Die Bahn kündigte am Sonntagabend an, dass sie für den Fern-, Regional- und S-Bahn-Verkehr einen Notfahrplan aufstellen wird, der aber nur ein „sehr begrenztes Zugangebot“ enthalten werde. „Bitte sehen Sie von nicht notwendigen Reisen während des GDL-Streiks ab und verschieben Sie Ihre Reise auf einen anderen Zeitpunkt“, hieß es in einer Online-Information.
Im Rahmen des Notfahrplans will die DB laut einer Mitteilung im Fernverkehr längere Züge mit mehr Sitzplätzen einsetzen, um möglichst viele Menschen an ihr Ziel bringen zu können. „Dennoch kann eine Mitfahrt nicht garantiert werden“, teilte der Konzern mit.
Wichtigste Themen im Tarifkonflikt
Ein Knackpunkt im festgefahrenen Tarifkonflikt ist die GDL-Forderung nach einer Verringerung der Wochenarbeitszeit für Schichtarbeiter:innen von 38 auf 35 Stunden bei vollem Lohn. Die Bahn hält dies für unerfüllbar, auch aufgrund des Fachkräftemangels. Wenn die Schichtarbeiter weniger arbeiteten, brauche es absehbar mehr Personal – das sei aber auf dem Arbeitsmarkt nicht zu finden, argumentiert die Bahn. Die Gewerkschaft dagegen will mit weniger Wochenarbeitszeit die Berufe bei der Bahn attraktiver machen.
Der Konzern hatte am Freitag vorgeschlagen, bestehende Wahlmodelle bei der Arbeitszeit auszuweiten. Bisher können sich Beschäftigte entscheiden, ob sie mehr Geld, mehr Urlaub oder weniger Wochenarbeitstage haben wollen. Sie können etwa von 39 auf 37 Wochenstunden verringern, bekommen dafür aber 5,7 Prozent weniger Lohn. Die Bahn bietet an, die Wochenarbeitszeit in diesem Modus bis auf 35 Stunden verringern zu können. Wer möchte, könnte zudem für etwas mehr Geld auch bis zu 40 Stunden in der Woche arbeiten. Wer sich für kürzere Arbeitszeiten entscheide, müsse dafür Abstriche bei einer tariflich vereinbarten Lohnerhöhung machen, betonte die Bahn. Den von der GDL geforderten vollen Lohn lehnt der Konzern ab.
Die GDL fordert zudem 555 Euro mehr im Monat für die Beschäftigten – bei einer Laufzeit des Tarifvertrags von einem Jahr. Die Bahn hat bisher eine elfprozentige Erhöhung bei einer Laufzeit von 32 Monaten angeboten.

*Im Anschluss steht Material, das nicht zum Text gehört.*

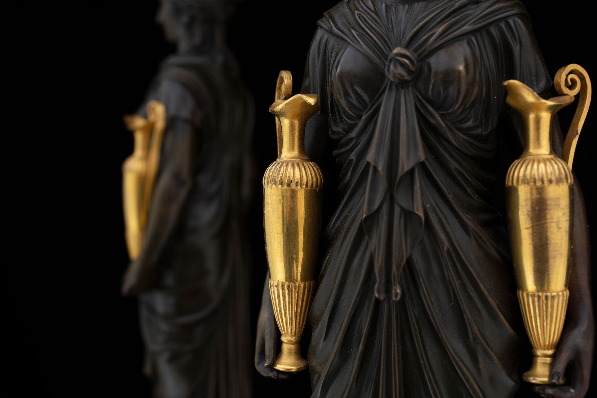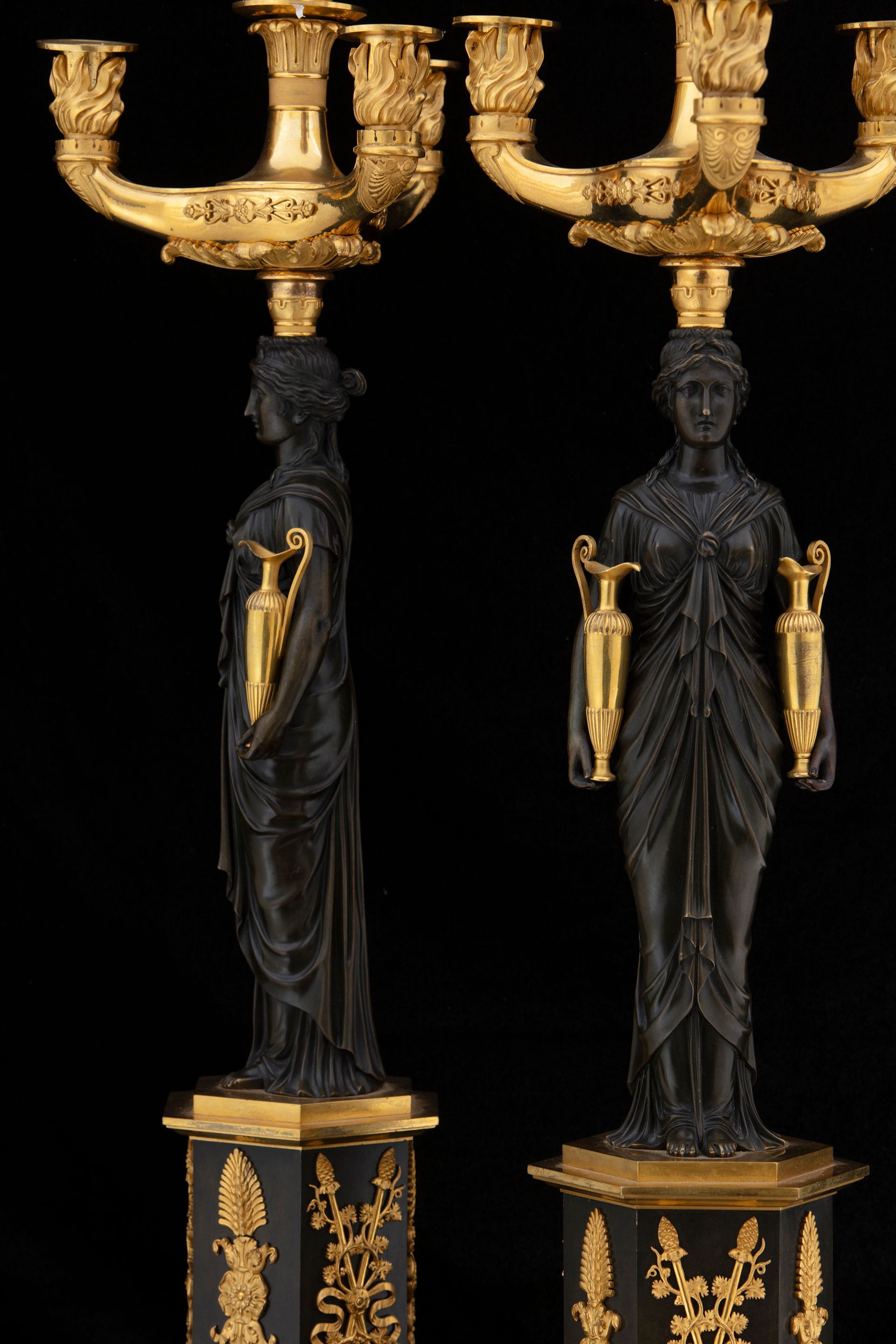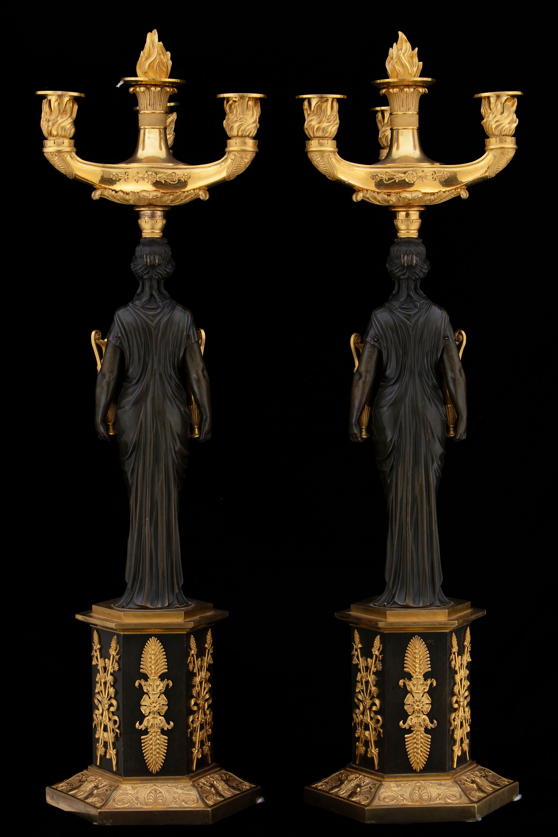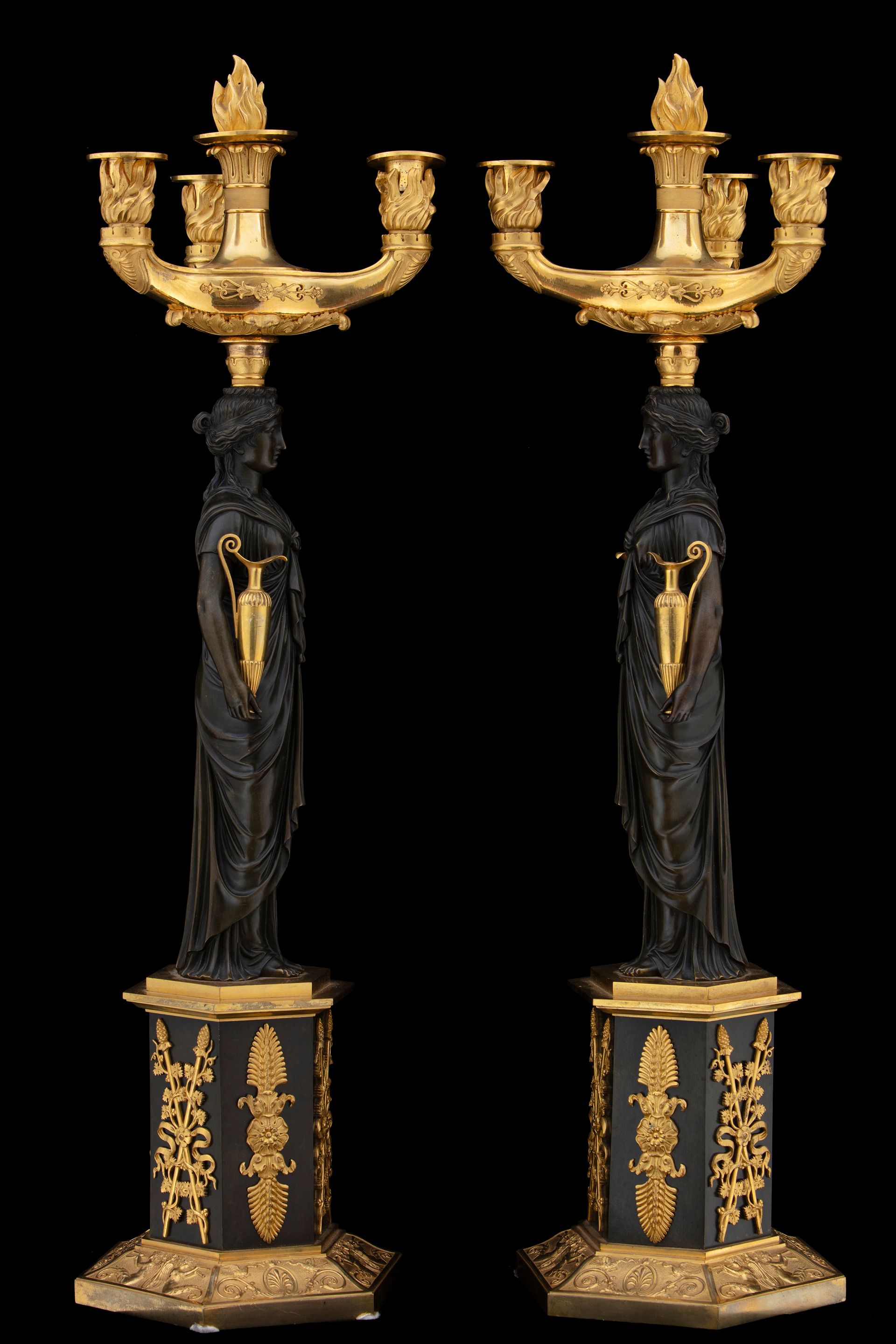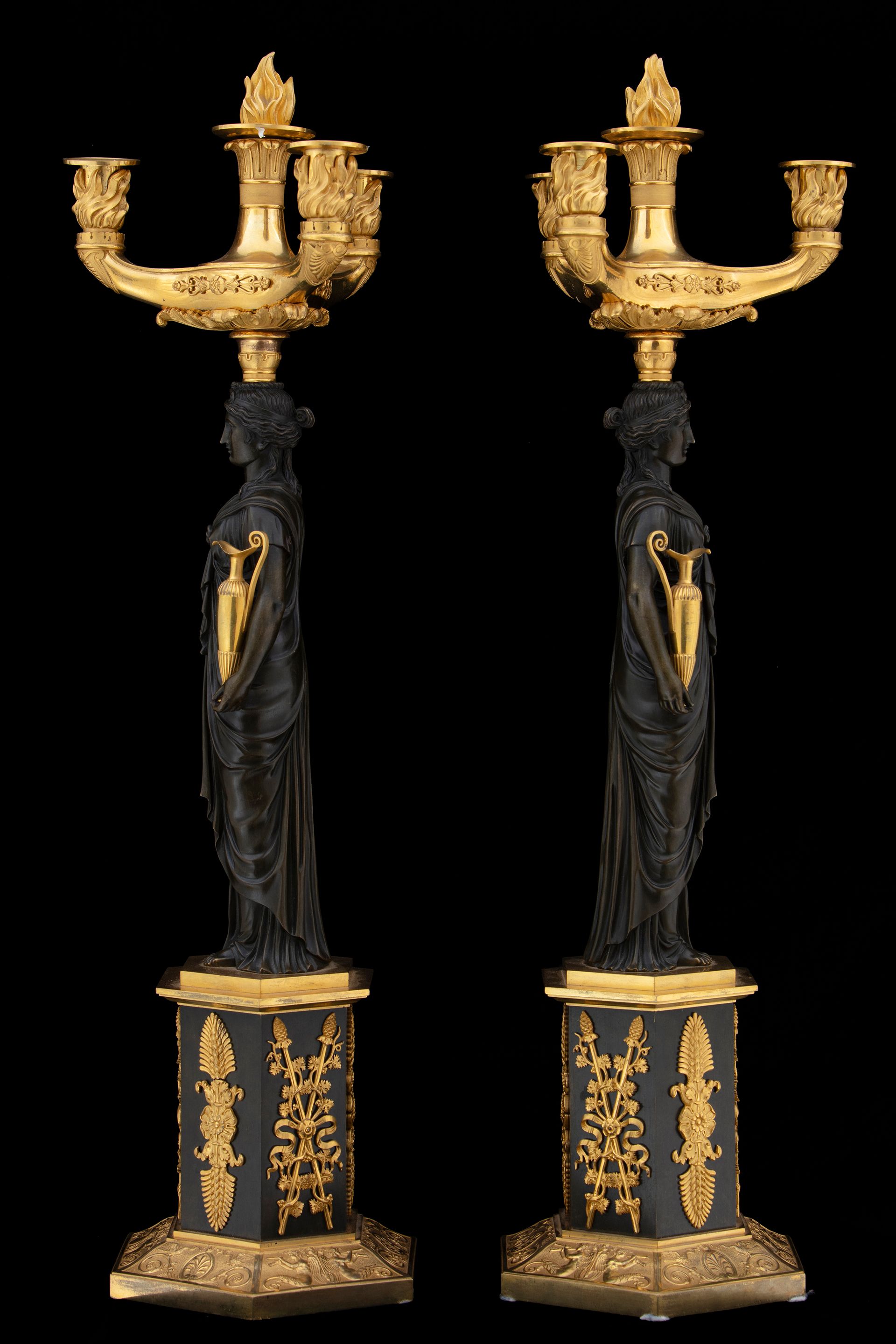 Questa coppia di eleganti candelabri presenta diversi elementi interessanti. Il corpo è costituito dalla figura di una vestale, in bronzo brunito, che regge due brocche in bronzo dorato. La parte superiore, costituita dai bracci portacandela, è realizzata in bronzo dorato ed è riccamente ornata: fregi applicati e palmette cesellate abbelliscono la struttura, mente i portacandela sono avvolti da torce fiammeggianti. Un quarto braccio decorativo riprende il tema e presenta una sorta di fiaccola.

Auch Leihfirma sorgt für Streit
Mit dem angekündigten Eilantrag gegen die Streikpläne geht die Bahn zum zweiten Mal innerhalb weniger Tage juristisch gegen die GDL vor. Erst vor gut einer Woche klagte die Bahn gegen die Pläne der GDL für eine Leiharbeitsfirma.
Das kürzliche gegründete Unternehmen Fair Train soll nach Plänen der GDL-Lokführer:innen von der Bahn abwerben und dann an andere Eisenbahnunternehmen verleihen. Die Bahn hat Klage eingereicht, weil sie die GDL und die inzwischen bestehende Genossenschaft für zu eng miteinander verbunden hält. Das Landesarbeitsgericht in Hessen soll daher klären, ob die GDL noch tariffähig ist.
In dem Rechtsstreit geht es nur am Rande um konkrete Fragen aus dem Tarifstreit. Doch er könnte Auswirkungen auf einen künftigen Tarifabschluss haben, den die Bahn weiter mit der GDL anstrebt. Zudem dürfte die Klage die Stimmung zwischen beiden Seiten nicht verbessert haben.